Google Venture ‘Design Sprint’ for Bloom Box

Michelle Broczek
Aug 22, 2017 · 3 min read

On an intensive course there’s no time to waste so this week, being our very first week on campus, we delved right into a Google Venture ‘Design Sprint’. It went something like this:

Day 1: Map

  1. Research: explore, immerse, observe, interview.
  2. Long-term goal: What is the overall objective of the company/product?
  3. Assumptions: Consider user assumptions.
  4. Questions: Turn assumptions into questions. Select main Sprint question/s.
  5. Map: map the current user flow of the website/app.
  6. HMW (How might we?): Individually write hmw questions, sort them as a group, vote.
  7. Target : Choose a customer and step on the map to focus on.

Day 2: Sketch

  1. Lightning Demos: Individually find inspiring websites/apps that are similar (though not competing) and share the main ideas to your team in 3 minutes. At the same time, some one is sketching the ideas on the board as you present.
  2. The Four Steps (Individually)
  • Notes: Spend 20 minutes reviewing all notes, materials, and goals from the past 24 hours.
  • Ideas: Doodle rough solutions/mind map in 20 minutes.
  • Crazy 8: Draw eight pictures based from the ‘ideas’. Each picture is limited to one minute.
  • Sketch: From ‘Crazy 8’, sketch a three-panel story board (3 post-its on A4 paper).

Day 3: Decide

  1. Art Museum: Post the sketches from the previous day around the room. Silently, team members go around and look at them. Each member has approximately 20 stickers to place on elements or whole sketches that they like. They leave any questions on post-it notes under the sketches.
  2. Heat Map: After everyone has finished viewing all the sketches, stand back as a group and see the ‘hot spots’ — which sketches clearly got the most interest. Do not eliminate any at this stage.
  3. Speed Critique: A neutral person describes the sketches (3min per A4 sketch). The team discuss any questions and thoughts. The designer stays silent until the end when they are given 1min to clarify their design if needed.
  4. Straw poll: Each member is given one (or two) stickers (make sure they are different from the heat map stickers). Vote using the new stickers. The design that wins from this round will be used for the prototype.
  5. Super Vote: If there is a tie, the ‘decider’ makes the final decision of which design/s to use.
  6. Storyboard:
  • Assign an “artist”
  • Set up the grid
  • Choose an opening scene
  • Fill in the storyboard

Some tips for the storyboard -

  • Work with what you have
  • Don’t write together
  • Include just enough detail
  • When in doubt, take risk
  • Keep in the history fifteen min or less
  • Your storyboard should reflect an experience that you’ll hope to simulate during our test

Day 4: Prototype

Divide roles:

Maker (2) — create individual components; labour intensive

Stitcher — collects everything and ‘stitches’ it all together; ensures consistency between elements

Writer — content writer.

Asset Collector (2) — finds photos and icons online to use.
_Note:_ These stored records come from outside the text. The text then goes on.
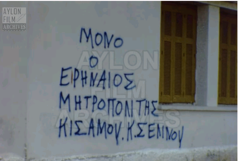 Ένας ιερέας στέκεται έξω απ’ το αυτοκίνητο και έπειτα βλέπουμε κόσμο συγκεντρωμένο έξω από μία εκκλησία Η εικόνα αλλάζει με τον κινηματογραφιστή να στέκεται σ’ ένα σύνθημα που είναι γραμμένο στον τοίχο και γράφει «Μόνο ο Ειρηναίος Μητροπολίτης Κισάμου και Σελίνου».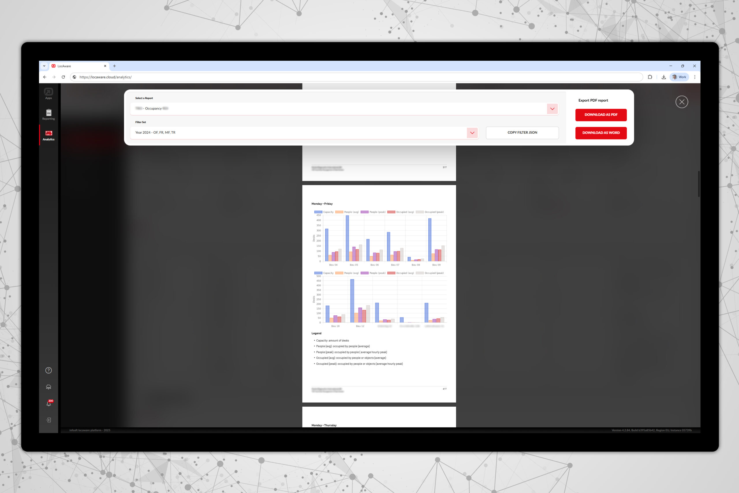 Das Tool infsoft Reporting bietet umfassenden Zugriff auf alle in der infsoft LocAware platform® verfügbaren Daten und ermöglicht die Erstellung individueller Reports zur Unterstützung fundierter Entscheidungen und zur Steigerung der Transparenz. Es kombiniert Datenkonsolidierung, flexible Formatierung und automatisierte Verteilung in einem leistungsstarken Reporting-Werkzeug.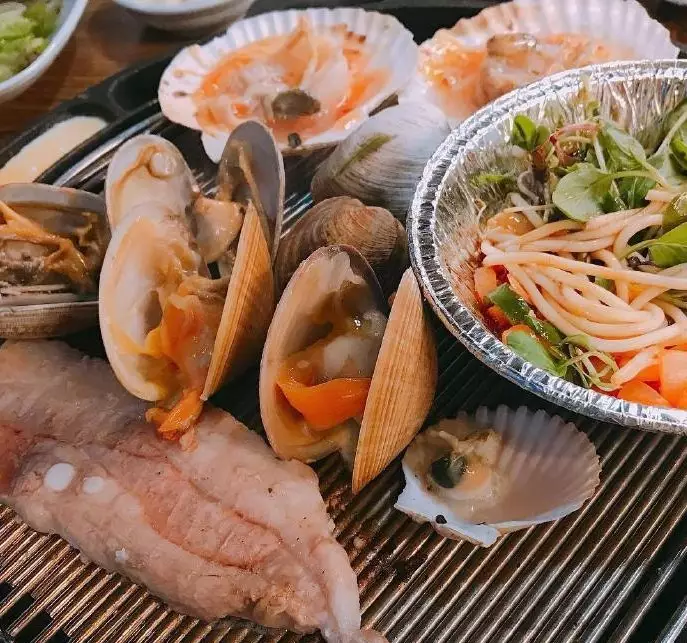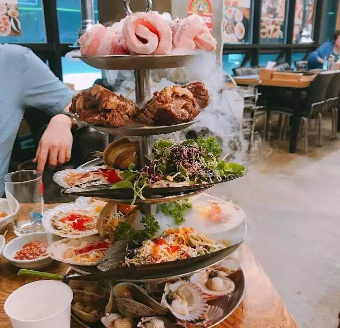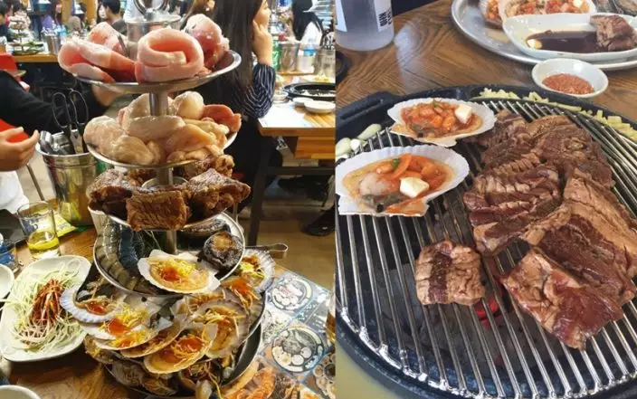 旅行去到釜山,怎麽能不嘗嘗當地新鮮平價海鮮?位於廣安里附近的這間餐廳(풍성숯불돼지갈비)最近因外觀震撼的「千層海鮮烤肉塔」成為了釜山的人氣餐廳!這家店主打「千層烤肉」,各種食材多層擺盤,有3-6層選擇,套餐包括了釜山當地新鮮的時下海鮮鮑魚、大蝦、多款貝殼海鮮,加上五花肉、調味豬扒、烤大腸等,一層層曡放在眼前,堆積如山,看著就非常震撼,味道吃起來也是超級美味。
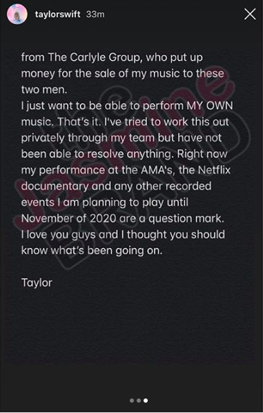 “Guys – it’s been announced recently that the American Music Awards will be honoring me with the Artist of the Decade Award at this year’s ceremony. I’ve been planning to perform a medley of my hits throughout the decade on the show. scott Borchetta and Scooter Braun have now said that I’m not allowed to perform my old songs on television because they claim that would be re-recording my music before I’m allowed to next year.”

Interviewer — prepares questions and script on Thursday; interviews Friday.

Day 5: Interview

Act I: Friendly welcome

Act II: A series of general, open-ended context questions about the customer

Act III: Introduction to prototype

Act IV: Detailed tasks to get customer reacting and responding to the website

Act V: A quick debrief to capture the customers overarching thoughts and impressions

  • Five is optimal number of users to interview

Interview tips —

  • Set tone: establish rapport; comfortable = honesty = good data = good insights
  • Set agenda: give expectations and always allow tester to back out
  • Ask for permission: Ask if you can use their quotes; thank them for accepting the recording
  • Promote discovery: tell them where you want them to end up; don’t navigate
  • Ask what and why: “What do you expect that to do?”; pair actions with thoughts
  • Ask open-ended questions: don’t present choices
  • Be an objective observer: leave assumptions, expectations, decisions at the door.